In 1936, R. A. Fisher used the chi-square test he himself invented to argue that my 1866 data fit the predicted 3:1 ratios too well to be honest. He thought I, or my assistants, were cooking the books.
The seven F2 monohybrid trials from the original paper, plotted against the expected 3:1. Sum chi-square across all seven trials, df=7, equals 2.139. p ≈ 0.95. Fisher’s complaint, in plain words: a combined result this close to expectation, by random sampling alone, happens about one time in twenty. He concluded fraud.
He was a brilliant calculator with a poor instinct for what a friar with a notebook actually does on a Tuesday in a monastery garden. When the F2 lot is obviously about a quarter wrinkled, you stop counting that lot and walk to the next row. That is sloppy by 20th-century standards. It is also what biases the totals toward the expected ratio when the expected ratio is correct — which it was.
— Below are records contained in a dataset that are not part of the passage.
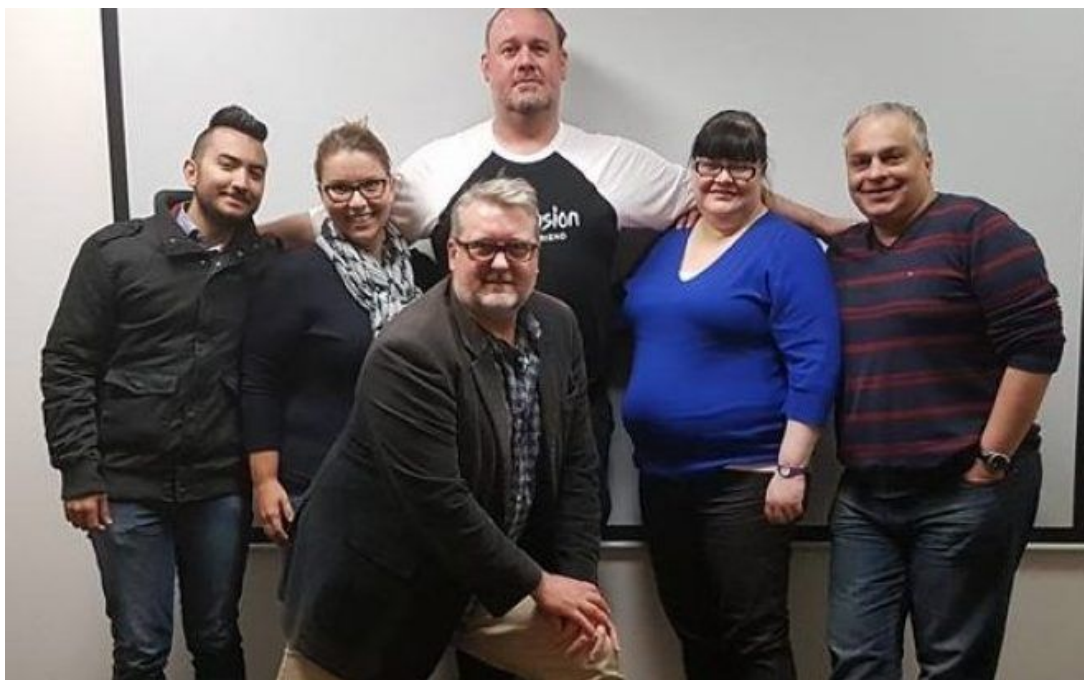
2016-2017 ESCFAN Committee
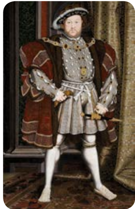
Henry VIII by Hans Holbein the Younger, 1537–47
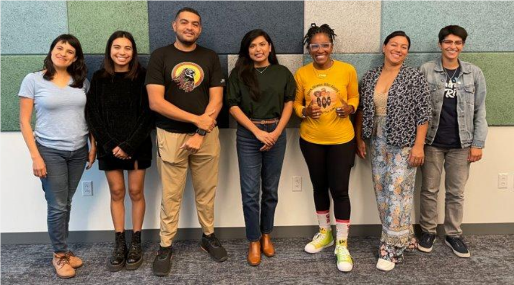
The Rain to River Community Ambassador cohort
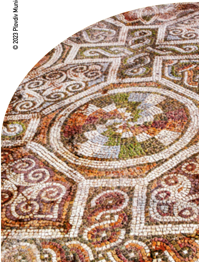
The Bishop's Basilica of Philippopolis (4 th - 6 th )C
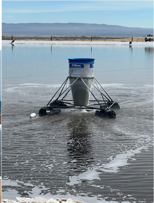
Photos 3&4: Location and close-up of PittBoss Sprayer-less Evaporators installed in the Alpha East Pond.

The CEC instructed MSP to monitor the effects that the evaporators have on birds. To date, birds have not been observed interacting with them and since the completion of netting over the ponds, this is no longer a concern.
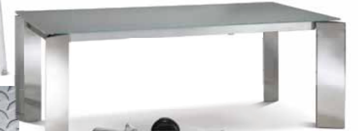
Alete dining table – stainless steel and shatterproof glass
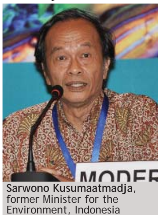
Sarwono Kusumaatmadja, former Minister for the Environment, Indonesia

ANALYSIS: Sarwono Kusumaatmadja, former Minister for the Environment, Indonesia, moderated the panel on ocean observation and analysis. Richard Spinrad, National Oceanic and Atmospheric Administration (NOAA), US, called for a commitment to collaborative science to assess, predict, mitigate against, and adapt to the implications of a changing climate and oceans. He acknowledged the unequivocal finding of the Intergovernmental Panel on Climate Change (IPCC) that the earth is warming and cited recent developments that give cause for concern, including findings by NOAA that indicate that if atmospheric carbon dioxide levels rise above 600ppm, the impacts of sea level rise will be unavoidable and irreversible. He also highlighted temporal and spatial changes in the migration of marine species in selected marine protected areas (MPAs) in the US, and urged countries to contribute to the US initiative to establish a global ocean monitoring system.
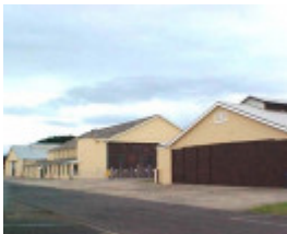
H01969 pt cook south tarmac1 aug02 pm1
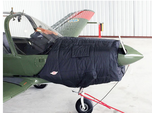
Scottish Aviation Bulldog Insulated Engine Cover
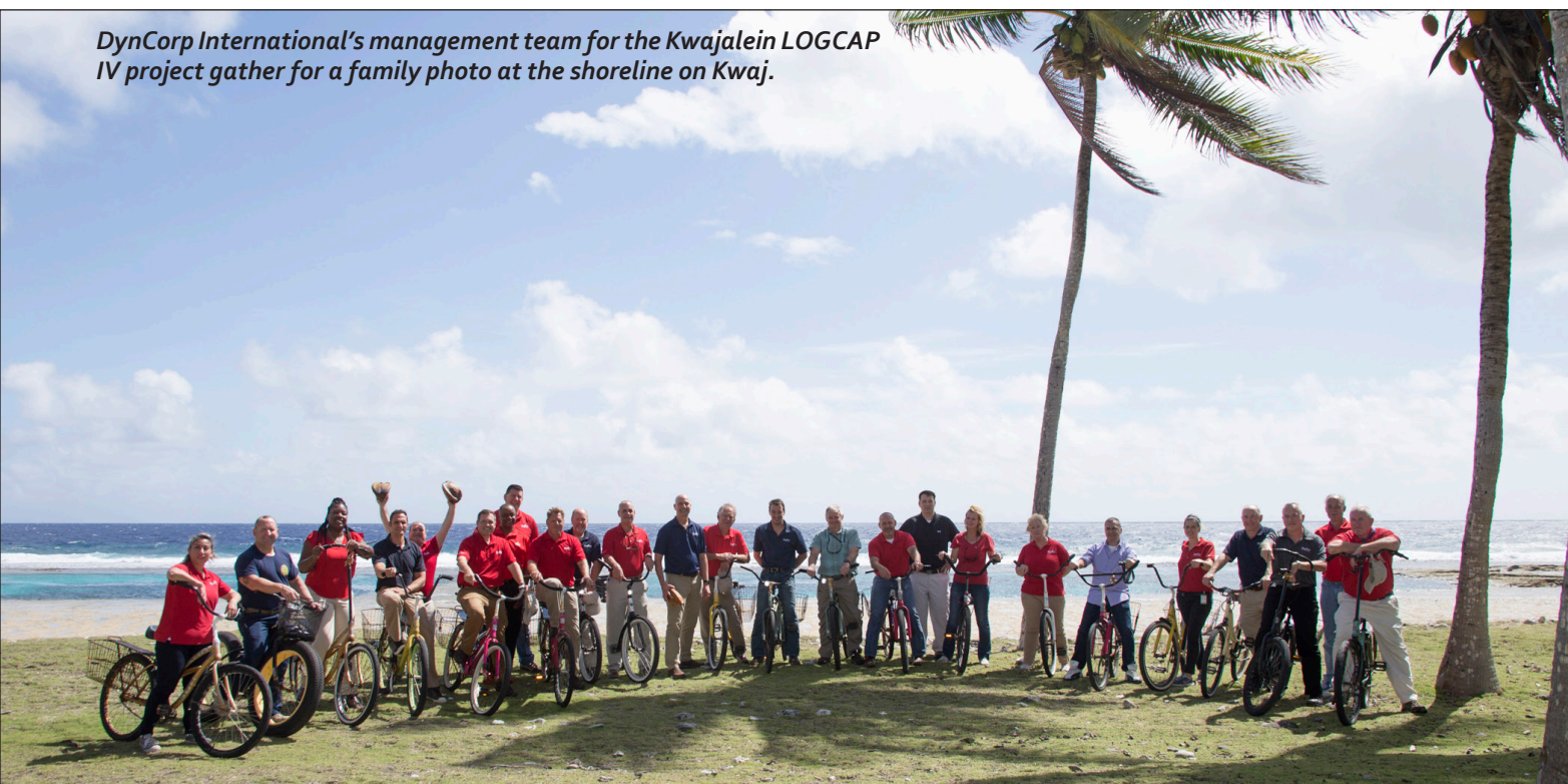
DynCorp International's management team for the Kwajalein LOGCAP IV project gather for a family photo at the shoreline on Kwaj.

Pre-registration did not exist. Blinded counting did not exist. The chi-square test he used to indict me had not been invented. I am not going to apologize for failing a methodological standard that postdated me by sixty years.
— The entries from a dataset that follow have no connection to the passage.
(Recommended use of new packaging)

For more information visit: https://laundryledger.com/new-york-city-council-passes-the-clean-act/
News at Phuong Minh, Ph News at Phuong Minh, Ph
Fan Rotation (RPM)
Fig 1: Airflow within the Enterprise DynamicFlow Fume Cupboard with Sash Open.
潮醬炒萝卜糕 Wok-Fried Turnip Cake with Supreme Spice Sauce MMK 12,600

The biology was right. The counting was casual. Those are two different sins and only one of them is mine.
— G. Mendel, Brno, retroactively annoyed.
script and exact counts
trait dom rec ratio chi2 p
round vs wrinkled seed 5474 1850 2.959 0.263 0.608
yellow vs green cotyledon 6022 2001 3.009 0.015 0.903
violet vs white flower 705 224 3.147 0.391 0.532
inflated vs constricted pod 882 299 2.950 0.064 0.801
green vs yellow unripe pod 428 152 2.816 0.451 0.502
axial vs terminal flower 651 207 3.145 0.350 0.554
long vs short stem 787 277 2.841 0.607 0.436
sum chi^2 across 7 trials, df=7: 2.139
p(chi^2 >= 2.139 | df=7) = 0.9518
Counts as published in Versuche über Pflanzenhybriden, Verhandlungen des naturforschenden Vereines in Brünn, 1866. Computation done in plain Python, no scipy, gamma function via continued fraction.